-- Stored data follows --

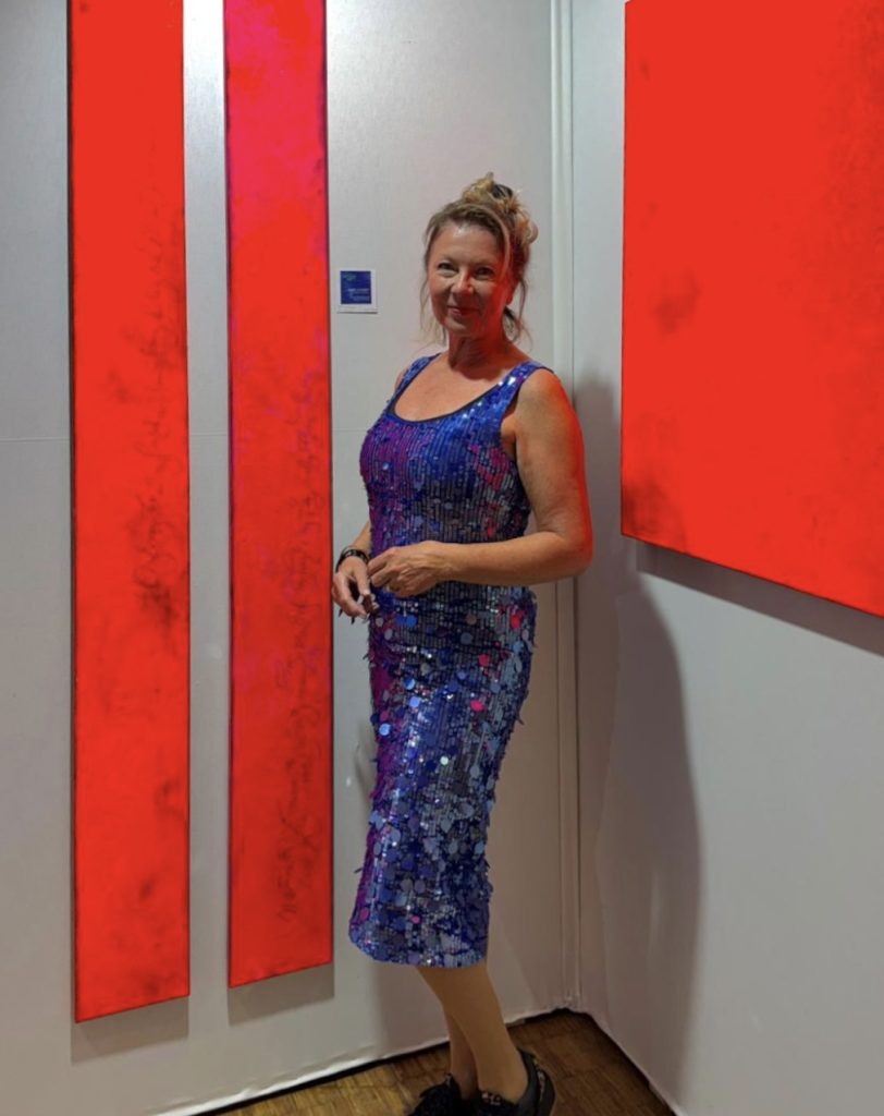 Isabel Kleinert in einer Ausstellung mit ihren Bildern
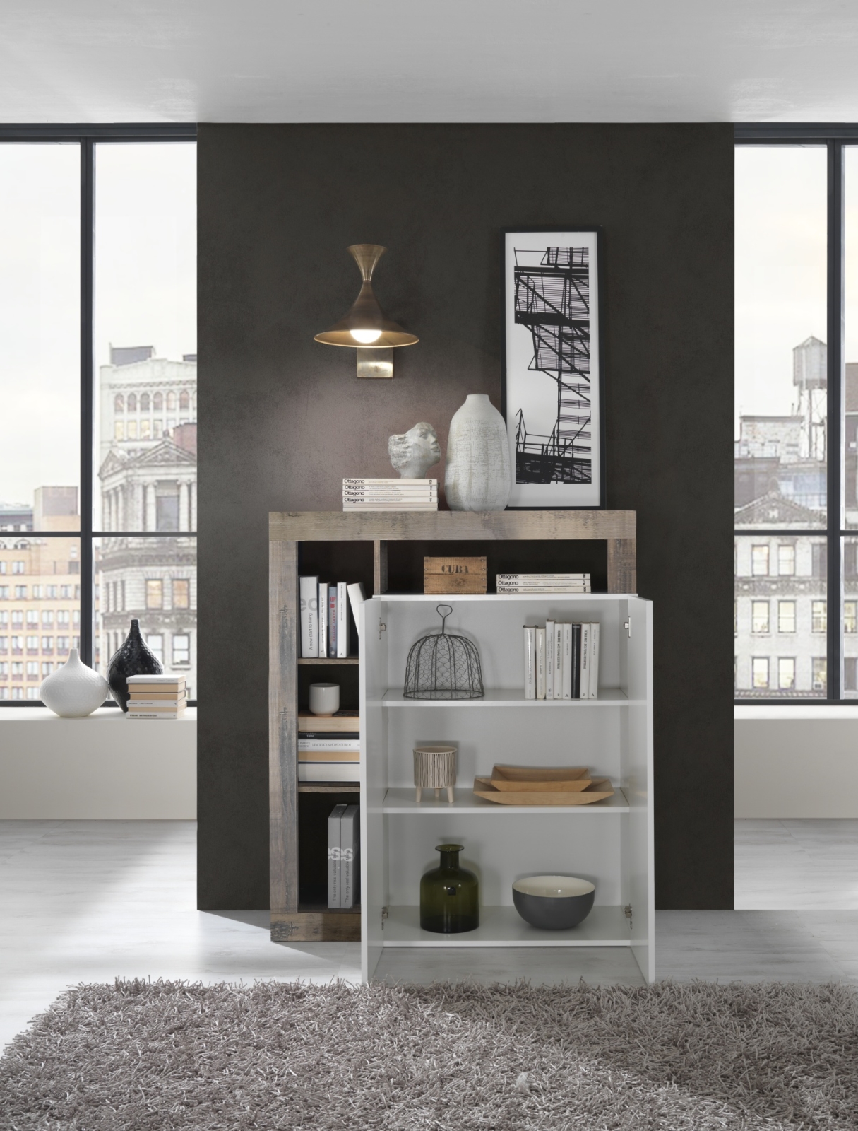 • Byrå LENOR vit/grå betong
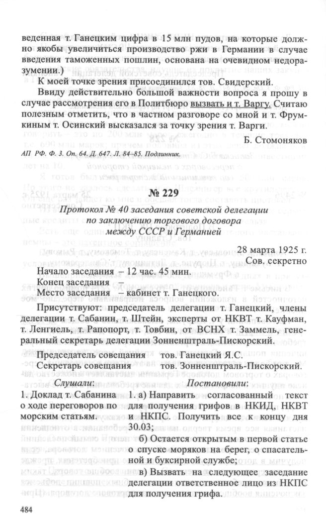 Протокол № 40 заседания советской делегации по заключению торгового договора между СССР и Германией. 28 марта 1925 г. // АП РФ. Ф. 3. Oп. 64. Д. 647. Л. 87-88. Заверенная копия.

-- Stored data concluded --

Exercise prompt: Pictures stay out of the answer; the rest of the listing above is returned exactly.

Written response:
 Isabel Kleinert in einer Ausstellung mit ihren Bildern
 • Byrå LENOR vit/grå betong
 Протокол № 40 заседания советской делегации по заключению торгового договора между СССР и Германией. 28 марта 1925 г. // АП РФ. Ф. 3. Oп. 64. Д. 647. Л. 87-88. Заверенная копия.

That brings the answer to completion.